Example: counting events and throwing dice

Jelle, October 2023

[1]:
import matplotlib.pyplot as plt
import numpy as np
import pandas as pd

import nafi

# Use float64 in jax for better precision
import jax
jax.config.update("jax_enable_x64", True)

Consider a counting experiment without background. We observe \(n\) events, and want to set an upper limit on the number of expected events \(\mu\). We use the test statistic:

\(\displaystyle q_\mu = -2 \, \mathrm{\Theta}(\mu - \hat{\mu}) \, \ln \frac{L(\mu)}{L(\hat{\mu})} ,\)

where the best-fit hypothesis \(\hat{\mu} = n\). The step function ensures we get upper limits:

  • Outcomes that are excesses (\(\hat{\mu} = n > \mu\)) are assigned \(q_\mu = 0\);

  • Nafi uses right-tailed p-values, and \(q_\mu \geq 0\), so excesses are assigned a p-value of 1;

  • Thus we always include all \(\mu\) below \(n\) in any interval we quote, i.e. we get upper limits.

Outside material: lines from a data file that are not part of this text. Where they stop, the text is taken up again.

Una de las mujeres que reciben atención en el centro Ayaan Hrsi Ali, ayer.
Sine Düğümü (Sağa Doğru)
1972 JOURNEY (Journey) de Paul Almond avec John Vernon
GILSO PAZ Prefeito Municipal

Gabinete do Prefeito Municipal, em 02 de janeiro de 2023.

In the notation of CCGV, this is \(\tilde{q}_\mu\) or \(q_\mu\). (There is no background, so \(\hat{\mu} \geq 0\) and the two q’s are identical.)

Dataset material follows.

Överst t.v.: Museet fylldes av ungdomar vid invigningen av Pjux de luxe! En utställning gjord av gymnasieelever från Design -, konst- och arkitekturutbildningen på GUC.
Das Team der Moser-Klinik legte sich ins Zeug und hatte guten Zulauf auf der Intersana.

For computational convenience we consider only \(\mu \leq 15\) and \(n \leq n_\mathrm{max} = 25\).

[2]:
# Hypotheses: expected events
mu = np.arange(0, 15, .0025)

# Highest observed number of events to consider
# (15 wouldn't be enough to get .01 accuracy)
n_max = 25

# Compute likelihood (outcomes, hypotheses) array, weights (same shape), and outcomes array
lnl, weights, ns = nafi.likelihoods.counting.lnl_and_weights(
    mu, mu_bg=0, n_max=n_max, return_outcomes=True)

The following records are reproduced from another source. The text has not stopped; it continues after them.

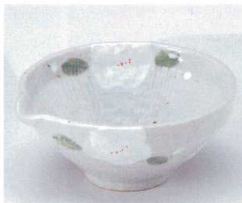
オ052-22 白椿片口小鉢 14.5×13.7×6.2cm 860円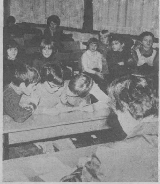
Da bi bilo novo šolsko leto čim popolnejše in čim uspešnejše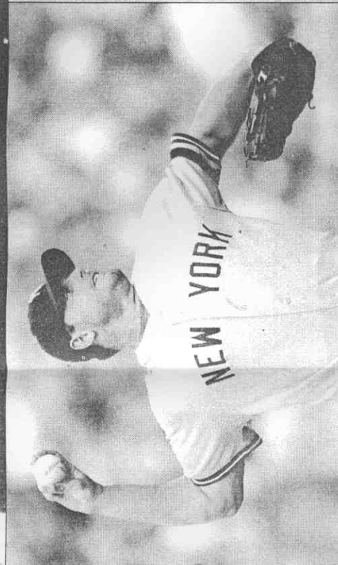
◀七屆賽揚獎得主、「火前鋒」克萊門斯在米契爾禁藥報告中列名，震撼大聯盟。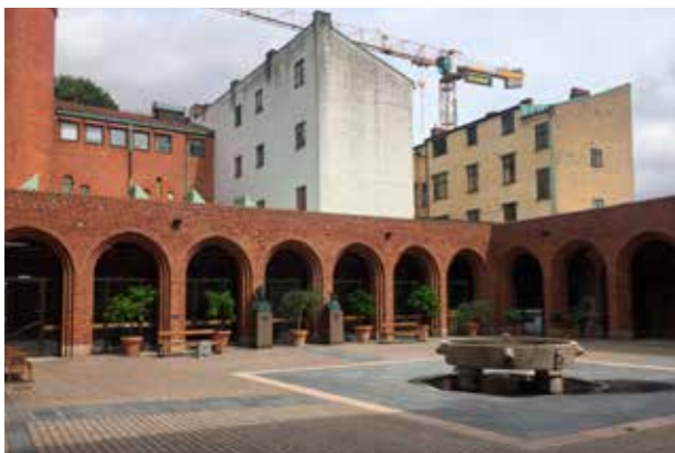
Lund (Bild: C F Møller)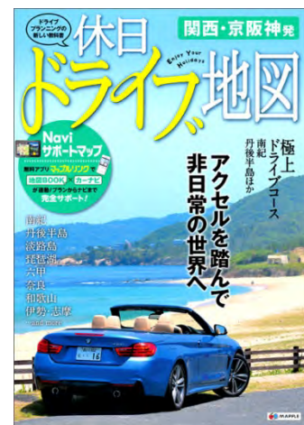
<『休日ドライブ地図』各エリア表紙>

2014年6月に圏央道の相模原愛川IC～高尾山ICが開通、7月には舞鶴若狭自動車道が全線開通し、関東・中部・関西エリアでは、大都市圏から近県エリアへのアクセスがますます便利になってきています。近距離・中距離ドライブが注目を集める今、車のおでかけに役立つ道路地図帳『休日ドライブ地図』を出版いたします。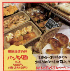
DOLCEVITAベーカリー パン5個セット500円チケット 5名様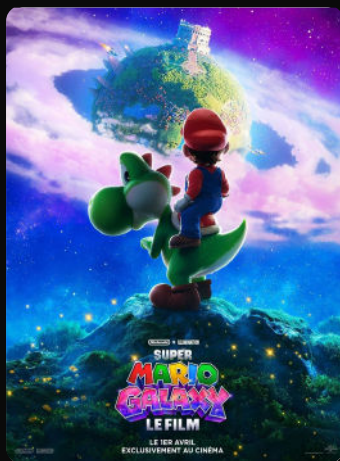
16h00 Super Mario Galaxy

# Find test statistics and Neyman construction p-values, both (outcomes, hypotheses) arrays.
# Statistic is q to get upper limits.
qs, ps = nafi.ts_and_pvals(lnl, weights, statistic='q')

# Lower and upper limits, (outcomes,) arrays
ll_counting, ul_counting = nafi.intervals(ps, mu)
assert np.all(ll_counting == 0)

# Statistics on probability of different outcomes (dictionary)
poutcome_counting = nafi.outcome_probabilities(ll_counting, ul_counting, weights, mu)

Consider a new experiment that also throws an \(m_\mathrm{max}\)-sided die, for which high rolls give very slight evidence for high \(\mu\).

For setting upper limits, we must then give outcomes with high dice rolls \(m\) slightly lower \(q\) values, so they get higher p-values, and will be picked more readily in the Neyman construction. We can implement this by changing the test statistic \(q_\mu \rightarrow q_\mu - \epsilon \, m\) and \(\epsilon\) a very small number.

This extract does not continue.